Excerpt from my Dad’s letter dated 8/31/2003 to Steven (his grandson) regarding life on the Navajo Indian Reservation.
“When I was about four years old my father worked for an oil drilling company and we lived in company housing on the Navajo reservation. This was in the Four Corner’s area west of Shiprock, NM along the Utah-Arizona border. I was the only kid in the oil camp and so the kids I could play with were all Navajo. They didn’t speak any English, but I did learn a few words in Navajo. I guess we used a sort of sign language and didn’t need words just to play.
I remember playing in and around their hogan and remember the smoky mesquite aroma from their clothing and inside where their mother cooked their meals. Another thing I remember was playing “stick horse” – running around after each other with a broomstick between our legs pretending it was a horse.

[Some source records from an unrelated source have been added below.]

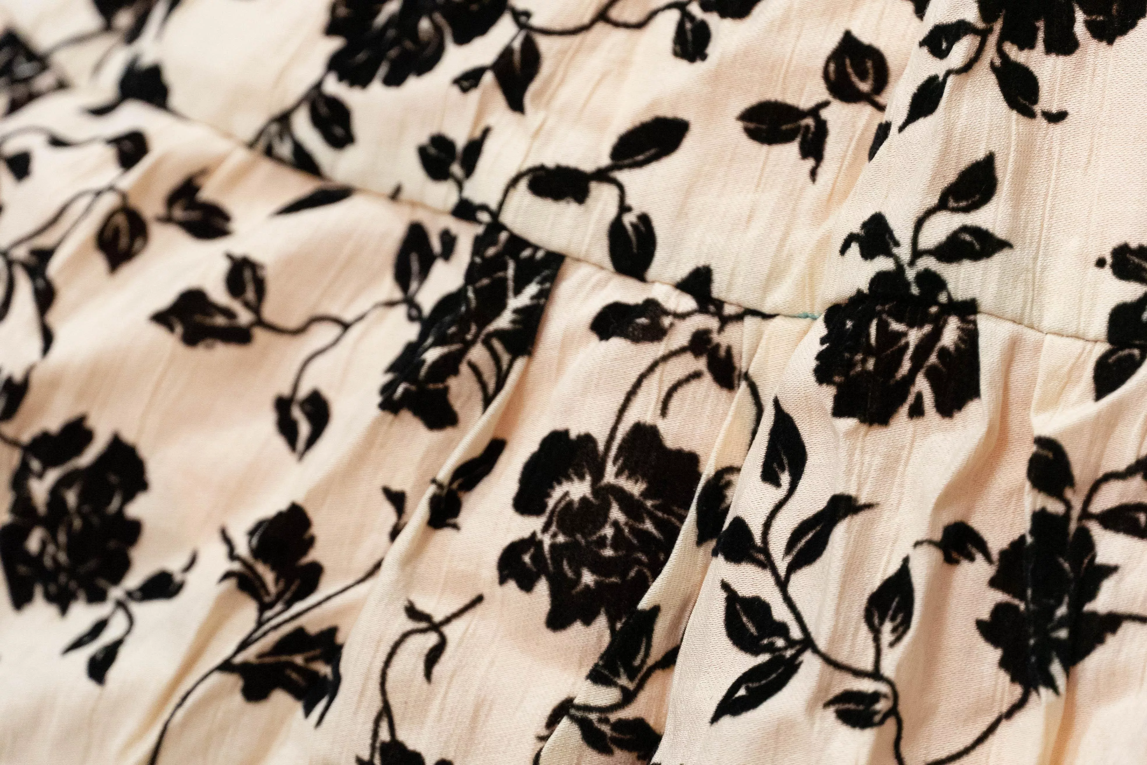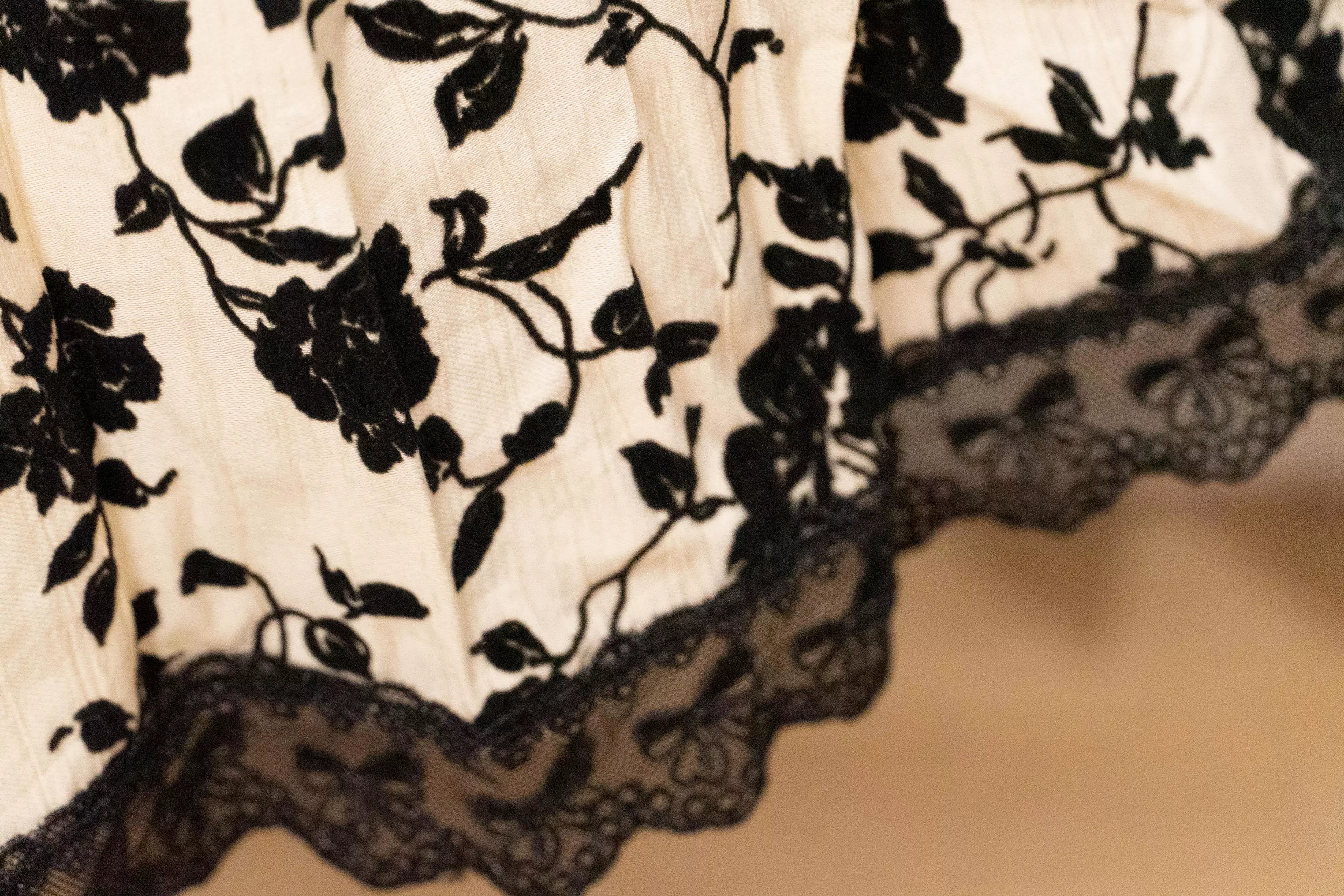 本套裝選用植絨刺繡布料,表面為米白色直條紋中透出細緻花草紋樣,溫柔中帶著質感的立體層次。
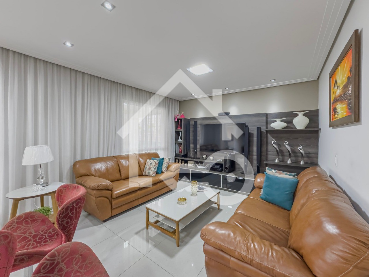 O imóvel possui 3 quartos, sendo 3 suítes, 4 banheiros e 3 vagas de garagem.
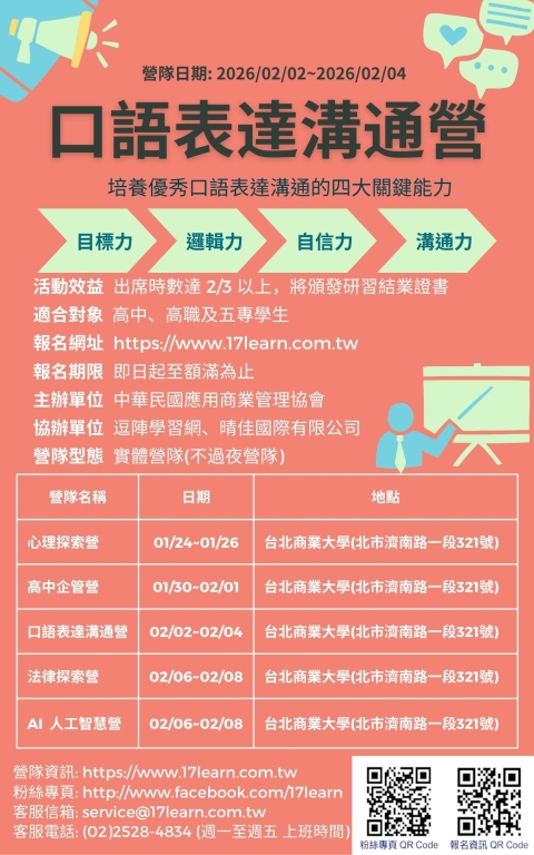 (三)口語表達溝通營:2026/2/2(週一)~2026/2/4(週三)。無論是升學口試或求職面談,口語表達已經是現代人不可 或缺的能力。「口語表達溝通營」透過講解、示範、訓練和不斷的演練,克服公開發言的恐懼,人人都可以成為口語表達的高手!
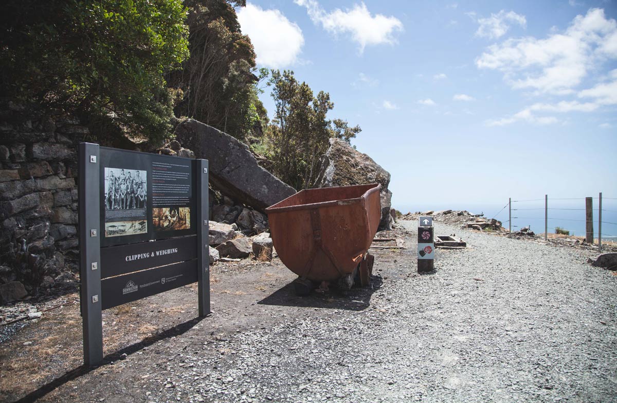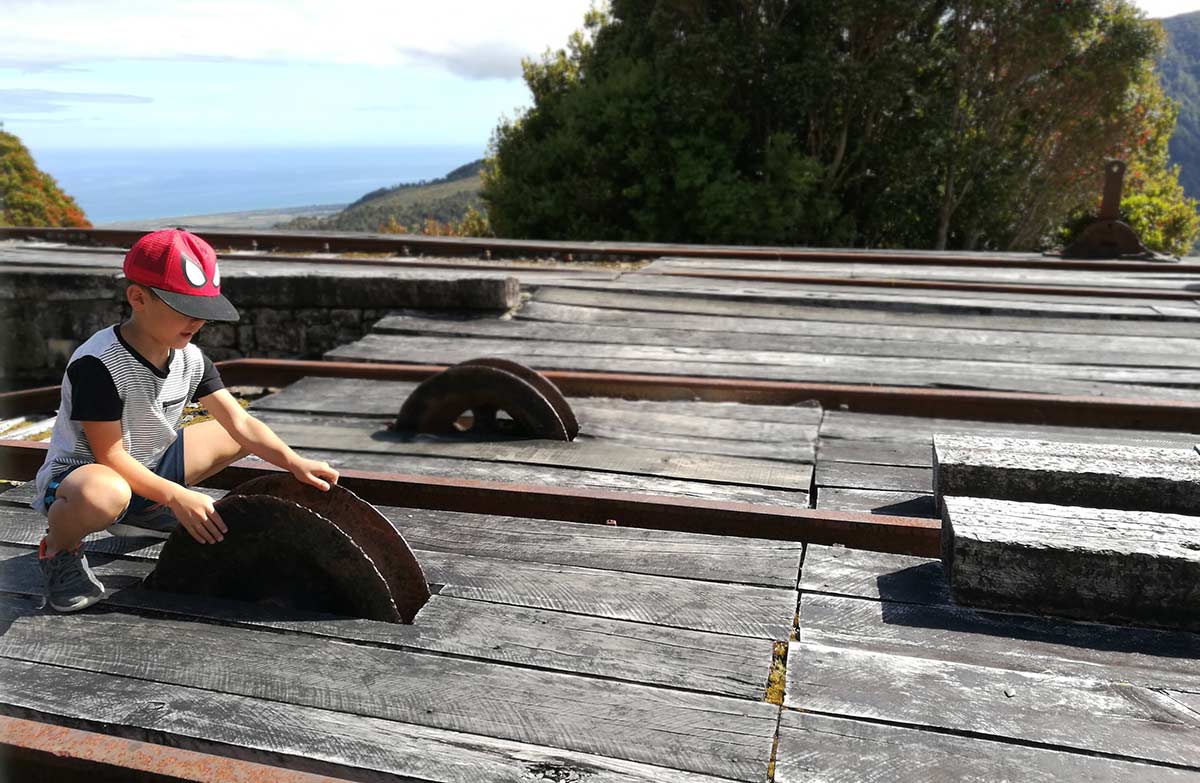 There is no vehicle access along Conns Creek Road to the bottom of the incline. The road is open for a walking access. The road leads visitors to the historic lower section of the Denniston aerial ropeway and historic Conns Creek coal loading yards.
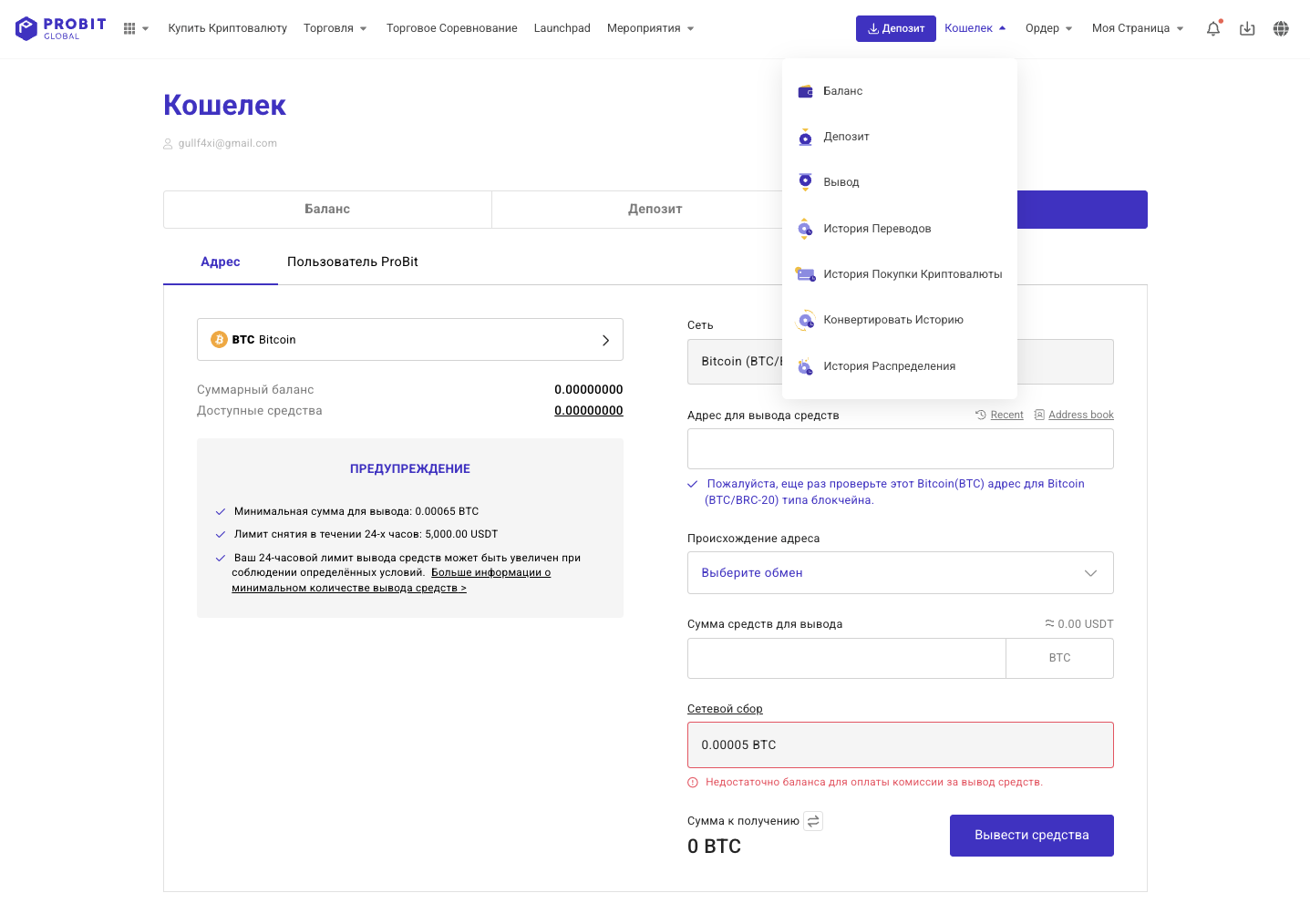 Единственное решение — обратиться в техподдержку. Это можно сделать через форму обратной связи в личном кабинете. Также обратиться в саппорт возможно по email support@probit.com.

We lived there until I was school age and then moved to a town in New Mexico so I could go to school. Later, during World War II, I was in the New Mexico National Guard and had several friends there who were Navajo. In the combat area in the Philippines, they were in charge of telephone communications and passed information in Navajo so they would not be understood by the enemy. All the Navajo people I have known were very nice people and I enjoyed knowing them.”